The Brave Button is a wall-mounted wireless device that can be activated by people using drugs or bystanders to anonymously send a text alert to pre-trained responders, and the Brave Sensor detects when a person has stopped moving or breathing and sends an emergency text to responders. The advantages to these types of environmental monitors, Park said, is that they may be able to detect non-drug related medical emergencies as well, such as a person who falls unconscious in the bathroom of a library or restaurant.

In their paper, Park, Rich and Green make the case for widespread testing of overdose detection technologies.

"If successful, such technology-assisted interventions will represent a major expansion in the field of overdose prevention," they conclude.

A community-first approach to testing technology

As part of an effort called the Overdose Detection Technology Project, Park's lab is doing the groundwork to eventually test whether such technologies can reduce deaths from opioid overdoses.

To better understand how these interventions might benefit people in Rhode Island, researchers from the lab are conducting usage training and surveying the attitudes and awareness of Rhode Island businesses, nonprofits and hospitals.

"It's been eye-opening to learn how many businesses don't train their staff to use naloxone and have never heard of these technologies, but are interested in learning more," Park said.
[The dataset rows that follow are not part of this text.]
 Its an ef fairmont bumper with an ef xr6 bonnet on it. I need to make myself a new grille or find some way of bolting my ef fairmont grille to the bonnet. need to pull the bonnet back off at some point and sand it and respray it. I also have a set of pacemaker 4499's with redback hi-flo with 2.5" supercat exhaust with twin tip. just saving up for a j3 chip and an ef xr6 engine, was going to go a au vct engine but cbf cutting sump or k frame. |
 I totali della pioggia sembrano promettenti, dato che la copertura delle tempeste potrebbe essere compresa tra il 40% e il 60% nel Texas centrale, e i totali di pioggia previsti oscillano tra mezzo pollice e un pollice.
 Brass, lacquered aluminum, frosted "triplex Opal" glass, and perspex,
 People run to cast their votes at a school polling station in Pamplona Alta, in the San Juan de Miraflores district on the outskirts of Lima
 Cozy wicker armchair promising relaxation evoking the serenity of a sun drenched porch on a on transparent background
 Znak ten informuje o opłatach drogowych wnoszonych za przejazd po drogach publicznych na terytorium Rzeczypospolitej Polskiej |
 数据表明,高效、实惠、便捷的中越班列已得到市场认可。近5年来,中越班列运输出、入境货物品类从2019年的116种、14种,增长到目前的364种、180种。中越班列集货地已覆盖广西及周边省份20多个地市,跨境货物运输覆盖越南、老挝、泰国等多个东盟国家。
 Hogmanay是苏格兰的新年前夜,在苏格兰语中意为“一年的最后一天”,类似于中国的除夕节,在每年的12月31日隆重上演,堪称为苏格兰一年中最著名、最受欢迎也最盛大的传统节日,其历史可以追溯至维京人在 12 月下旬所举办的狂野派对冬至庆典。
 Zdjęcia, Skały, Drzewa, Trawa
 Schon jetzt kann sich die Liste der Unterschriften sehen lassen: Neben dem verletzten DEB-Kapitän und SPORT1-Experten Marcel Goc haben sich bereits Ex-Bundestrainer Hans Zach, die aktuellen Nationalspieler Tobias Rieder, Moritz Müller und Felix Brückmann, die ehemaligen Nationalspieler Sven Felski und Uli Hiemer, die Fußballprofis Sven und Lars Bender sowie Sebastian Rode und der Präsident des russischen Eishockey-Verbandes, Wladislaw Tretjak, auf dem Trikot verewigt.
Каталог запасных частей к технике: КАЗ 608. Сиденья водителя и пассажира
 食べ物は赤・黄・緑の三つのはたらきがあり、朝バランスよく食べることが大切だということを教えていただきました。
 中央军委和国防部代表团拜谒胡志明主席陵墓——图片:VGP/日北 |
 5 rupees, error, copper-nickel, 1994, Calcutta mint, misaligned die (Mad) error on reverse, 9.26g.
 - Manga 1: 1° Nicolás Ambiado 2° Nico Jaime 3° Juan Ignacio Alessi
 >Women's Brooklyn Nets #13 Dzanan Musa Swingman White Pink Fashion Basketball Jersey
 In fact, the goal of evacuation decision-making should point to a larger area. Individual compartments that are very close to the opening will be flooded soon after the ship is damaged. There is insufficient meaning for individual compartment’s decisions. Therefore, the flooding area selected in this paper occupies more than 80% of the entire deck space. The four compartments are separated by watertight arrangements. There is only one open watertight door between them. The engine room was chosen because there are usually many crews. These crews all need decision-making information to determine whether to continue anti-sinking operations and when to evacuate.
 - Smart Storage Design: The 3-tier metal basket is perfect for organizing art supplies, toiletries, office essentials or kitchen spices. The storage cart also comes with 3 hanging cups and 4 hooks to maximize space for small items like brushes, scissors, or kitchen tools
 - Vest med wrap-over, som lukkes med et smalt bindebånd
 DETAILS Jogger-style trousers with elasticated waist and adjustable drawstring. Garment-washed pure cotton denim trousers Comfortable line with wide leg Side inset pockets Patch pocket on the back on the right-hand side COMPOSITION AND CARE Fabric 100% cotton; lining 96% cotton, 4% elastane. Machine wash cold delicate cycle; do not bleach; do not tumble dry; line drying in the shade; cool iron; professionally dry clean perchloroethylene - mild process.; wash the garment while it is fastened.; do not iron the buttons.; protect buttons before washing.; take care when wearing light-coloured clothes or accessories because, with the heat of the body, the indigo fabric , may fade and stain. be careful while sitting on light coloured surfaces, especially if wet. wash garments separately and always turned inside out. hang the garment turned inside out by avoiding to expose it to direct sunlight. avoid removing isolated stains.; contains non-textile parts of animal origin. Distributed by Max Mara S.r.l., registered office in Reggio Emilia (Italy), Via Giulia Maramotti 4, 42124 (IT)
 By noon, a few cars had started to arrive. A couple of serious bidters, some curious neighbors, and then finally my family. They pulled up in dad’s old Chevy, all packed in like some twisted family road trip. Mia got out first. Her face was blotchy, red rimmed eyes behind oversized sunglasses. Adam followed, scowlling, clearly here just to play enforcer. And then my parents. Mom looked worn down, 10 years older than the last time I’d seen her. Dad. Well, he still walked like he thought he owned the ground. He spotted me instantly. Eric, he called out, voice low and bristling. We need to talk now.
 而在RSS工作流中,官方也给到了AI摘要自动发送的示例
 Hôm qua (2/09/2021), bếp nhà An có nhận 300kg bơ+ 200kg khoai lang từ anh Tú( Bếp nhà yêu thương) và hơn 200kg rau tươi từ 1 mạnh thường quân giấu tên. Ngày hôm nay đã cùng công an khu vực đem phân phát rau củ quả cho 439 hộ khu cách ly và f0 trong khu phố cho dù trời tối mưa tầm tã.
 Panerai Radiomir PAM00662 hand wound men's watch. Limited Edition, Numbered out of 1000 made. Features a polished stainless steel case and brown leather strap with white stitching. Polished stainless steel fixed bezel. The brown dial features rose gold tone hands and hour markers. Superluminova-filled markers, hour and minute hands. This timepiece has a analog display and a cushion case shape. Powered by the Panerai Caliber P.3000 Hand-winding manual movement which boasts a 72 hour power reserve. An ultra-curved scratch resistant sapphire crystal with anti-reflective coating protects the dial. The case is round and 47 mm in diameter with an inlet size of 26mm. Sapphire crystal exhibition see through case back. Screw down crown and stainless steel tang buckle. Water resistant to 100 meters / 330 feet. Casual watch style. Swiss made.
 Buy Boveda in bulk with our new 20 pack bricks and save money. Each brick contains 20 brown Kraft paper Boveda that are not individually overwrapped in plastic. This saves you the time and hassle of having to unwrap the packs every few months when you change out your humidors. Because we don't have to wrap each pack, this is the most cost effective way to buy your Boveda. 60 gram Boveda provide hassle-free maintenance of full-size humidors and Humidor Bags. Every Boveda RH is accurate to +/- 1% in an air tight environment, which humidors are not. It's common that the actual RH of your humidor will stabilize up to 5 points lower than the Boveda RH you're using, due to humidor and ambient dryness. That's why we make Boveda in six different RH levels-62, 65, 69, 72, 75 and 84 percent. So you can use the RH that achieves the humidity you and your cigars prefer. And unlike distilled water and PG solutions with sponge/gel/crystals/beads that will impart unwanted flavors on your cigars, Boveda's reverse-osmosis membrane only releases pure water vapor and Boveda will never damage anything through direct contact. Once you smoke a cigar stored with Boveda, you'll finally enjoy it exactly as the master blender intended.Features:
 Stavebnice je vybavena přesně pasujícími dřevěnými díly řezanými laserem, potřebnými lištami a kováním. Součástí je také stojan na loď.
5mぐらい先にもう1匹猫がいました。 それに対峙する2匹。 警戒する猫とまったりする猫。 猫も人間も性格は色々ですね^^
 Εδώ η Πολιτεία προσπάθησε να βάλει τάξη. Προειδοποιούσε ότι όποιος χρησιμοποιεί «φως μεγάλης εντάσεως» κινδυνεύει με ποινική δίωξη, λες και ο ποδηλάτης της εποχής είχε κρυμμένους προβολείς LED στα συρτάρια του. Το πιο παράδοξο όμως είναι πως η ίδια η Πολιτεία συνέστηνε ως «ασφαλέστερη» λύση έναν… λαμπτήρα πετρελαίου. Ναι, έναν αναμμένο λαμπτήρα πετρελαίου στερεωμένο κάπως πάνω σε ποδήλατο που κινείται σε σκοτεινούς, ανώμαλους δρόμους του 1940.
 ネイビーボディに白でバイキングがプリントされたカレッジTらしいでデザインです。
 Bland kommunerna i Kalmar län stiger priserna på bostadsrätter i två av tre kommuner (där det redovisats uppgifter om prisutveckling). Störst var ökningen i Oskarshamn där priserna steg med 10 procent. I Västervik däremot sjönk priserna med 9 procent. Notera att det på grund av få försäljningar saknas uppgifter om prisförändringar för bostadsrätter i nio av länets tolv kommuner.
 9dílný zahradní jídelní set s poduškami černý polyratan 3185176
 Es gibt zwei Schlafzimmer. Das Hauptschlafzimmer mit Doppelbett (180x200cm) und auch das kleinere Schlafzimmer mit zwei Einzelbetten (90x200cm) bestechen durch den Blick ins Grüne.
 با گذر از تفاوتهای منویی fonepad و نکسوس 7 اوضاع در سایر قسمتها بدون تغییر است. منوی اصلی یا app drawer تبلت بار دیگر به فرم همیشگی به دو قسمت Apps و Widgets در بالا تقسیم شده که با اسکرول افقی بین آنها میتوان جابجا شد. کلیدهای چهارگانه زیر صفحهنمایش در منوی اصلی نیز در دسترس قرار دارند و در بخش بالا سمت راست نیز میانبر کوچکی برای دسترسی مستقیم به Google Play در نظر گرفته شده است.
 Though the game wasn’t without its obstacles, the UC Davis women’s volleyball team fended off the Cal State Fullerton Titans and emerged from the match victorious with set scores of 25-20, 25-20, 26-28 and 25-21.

The researchers are also conducting focus groups with people who use drugs, and asking them whether and how overdose detection technologies would fit into their practices.

"We're trying to understand where the local community is at in terms of applying these technologies, and how we can effectively put them into practice," Park said.

The overdose detection tools developed by Brave are already in use at housing facilities in the U.S. and Canada. Park hopes to conduct a randomized trial to test their effectiveness in different settings in Rhode Island, with the goal of sharing that data with states across the country.

"These life-saving interventions are already in use in different communities, but we don't have an understanding of how impactful they can be on a larger scale," she said.

Technological devices alone cannot address the issue of overdoses, Park emphasized. But they may prove to be a valuable complement to existing harm reduction interventions.

"The house is burning—100,000 people died nationally last year from drug overdoses, which is a historical high," Park said. "We're in crisis mode, and it's time for innovative solutions."